3. Re-running yields the same set (idempotency).
### 1.5 Schema validation + idempotent re-ingest
A single `validate_family_tree(data, source_path) -> None` raises
`FamilyTreeSchemaError(message, line=N)` with the offending line.
Tests assert:
- `NO: false` (the Norway problem) is rejected.
- `parents: null` on a non-root is rejected.
- A duplicate `(lineage, member_id)` on re-ingest is silently merged,
not duplicated (AC 1.7).
### 1.6 time_model.py ≥30 cases
Parametrize the existing 13 self-tests, plus add:
- month/day precision (`3rd_age.year_345.month_3.day_17`)
- `:Now` config node resolution (the slice 0 code path already
takes `current_time=`; promote it to module-level config)

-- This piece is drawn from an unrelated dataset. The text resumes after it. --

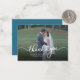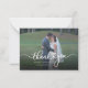 Una manera grandiosa y reflexiva de agradecer a tus amigos, familia y compañeros de trabajo que te honraron con su presencia en tu día de boda con esta moderna tarjeta de agradecimiento por tu foto con la mano de guion escrita con "gracias" y un diseño de corazón de amor.

- half-open window edge cases
- both bounds null with `at=None` → True
- a malformed time string raises `ValueError`
Target: 30+ cases, all passing.
### 1.7 seed/ YAMLs + demo
Three example YAMLs in `lore_engine_poc/seed/yaml/`:
- `ashveil_bloodline.yaml` — lineage (the AC 1.15 cross-lineage case)
- `house_raventhorne.yaml` — faction (AC 1.14 multi-membership)
- `battle_of_black_spire.yaml` — timeline event (AC 1.11 demo query)
`scripts/02_demo.py` gains three queries that *only* return true
inside the window (the negative case proves the time filter is real,
not bypassed).
## Spot-check protocol
After every sub-slice lands, a single `pytest -q` runs in
`lore-engine-poc/`. Sub-agent commits get reviewed before merging
into `main`:
- `git diff main..wt/<branch>` — small, scoped to one AC family
- `pytest -q` from the sub-agent's branch tip
- If anything looks out-of-scope, surface it instead of merging.
## Out of scope (deferred)
- LLM extraction (slice 3) — separate track, separate slice.
- Consistency engine (slice 2) — needs both 1 and 3, lands later.
- Neo4j UDF port — slice 0's pure-Python port stays as the test
oracle; Neo4j Java port is a polish item per ADR 0008.